-- EXERCISE DIRECTIONS --
Write out exactly the lines below starting at the one containing "Wenn man sich" and ending at the one containing "Logan, Keiki Takadama)". Omit every picture.

-- RECORDS SHOWN --
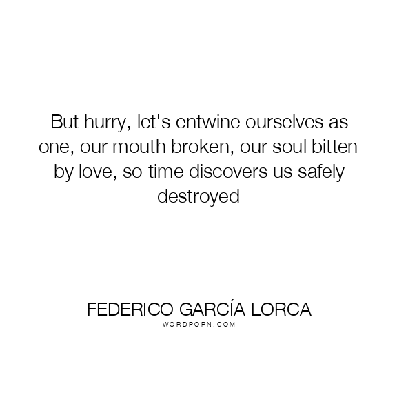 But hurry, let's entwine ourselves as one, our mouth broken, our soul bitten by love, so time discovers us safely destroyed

...

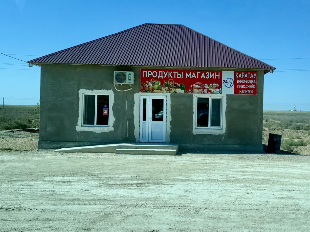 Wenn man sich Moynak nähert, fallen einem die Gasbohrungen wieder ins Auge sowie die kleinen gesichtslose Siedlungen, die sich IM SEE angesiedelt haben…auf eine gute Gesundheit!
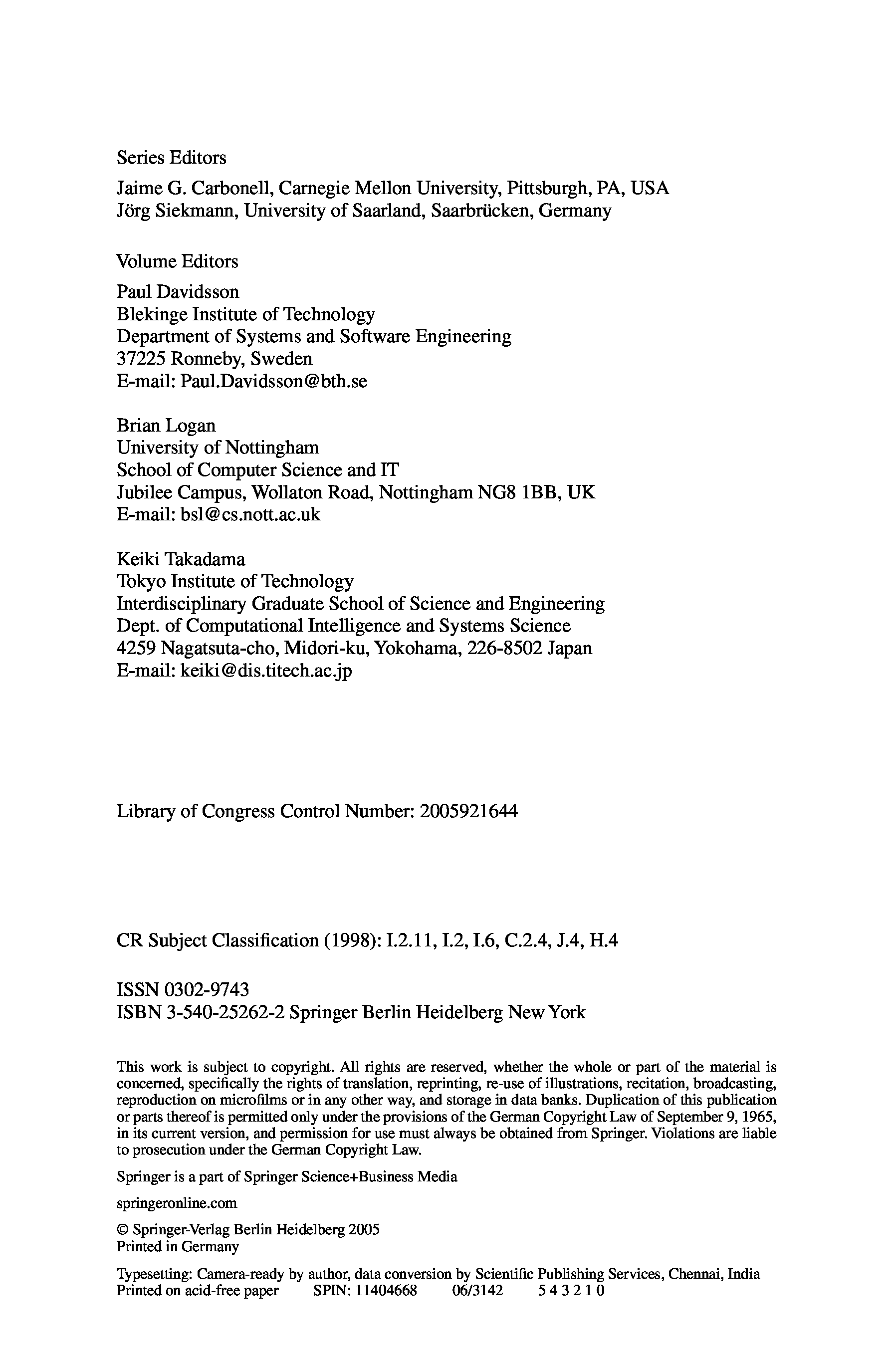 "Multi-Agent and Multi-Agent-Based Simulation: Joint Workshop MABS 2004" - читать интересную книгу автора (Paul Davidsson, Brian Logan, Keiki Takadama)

...

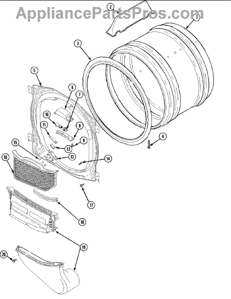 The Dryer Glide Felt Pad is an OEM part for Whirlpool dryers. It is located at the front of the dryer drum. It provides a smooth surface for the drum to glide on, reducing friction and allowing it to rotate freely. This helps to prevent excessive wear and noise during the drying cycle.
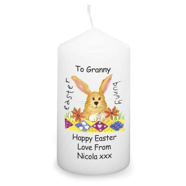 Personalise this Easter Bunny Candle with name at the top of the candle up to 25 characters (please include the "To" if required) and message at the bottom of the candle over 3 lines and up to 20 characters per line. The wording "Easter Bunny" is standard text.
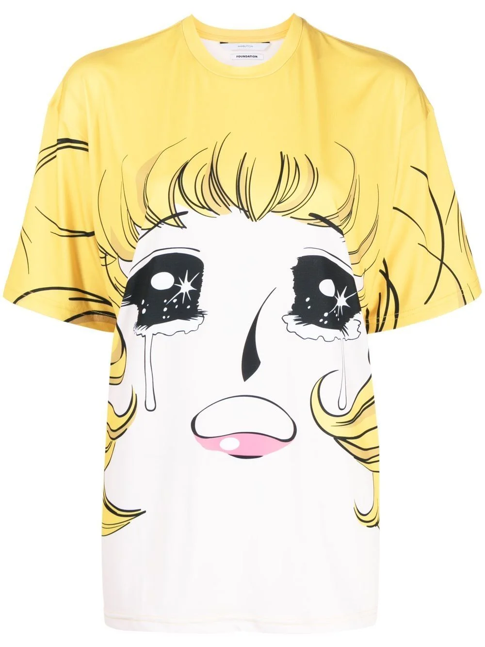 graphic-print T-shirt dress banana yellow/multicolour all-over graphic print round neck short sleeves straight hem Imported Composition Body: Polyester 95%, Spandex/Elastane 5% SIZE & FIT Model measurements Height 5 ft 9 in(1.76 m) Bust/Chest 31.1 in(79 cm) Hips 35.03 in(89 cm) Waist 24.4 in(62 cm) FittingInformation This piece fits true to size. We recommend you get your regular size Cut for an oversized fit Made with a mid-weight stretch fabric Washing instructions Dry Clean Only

-- REPLY TO THE TASK --
 Wenn man sich Moynak nähert, fallen einem die Gasbohrungen wieder ins Auge sowie die kleinen gesichtslose Siedlungen, die sich IM SEE angesiedelt haben…auf eine gute Gesundheit!
 "Multi-Agent and Multi-Agent-Based Simulation: Joint Workshop MABS 2004" - читать интересную книгу автора (Paul Davidsson, Brian Logan, Keiki Takadama)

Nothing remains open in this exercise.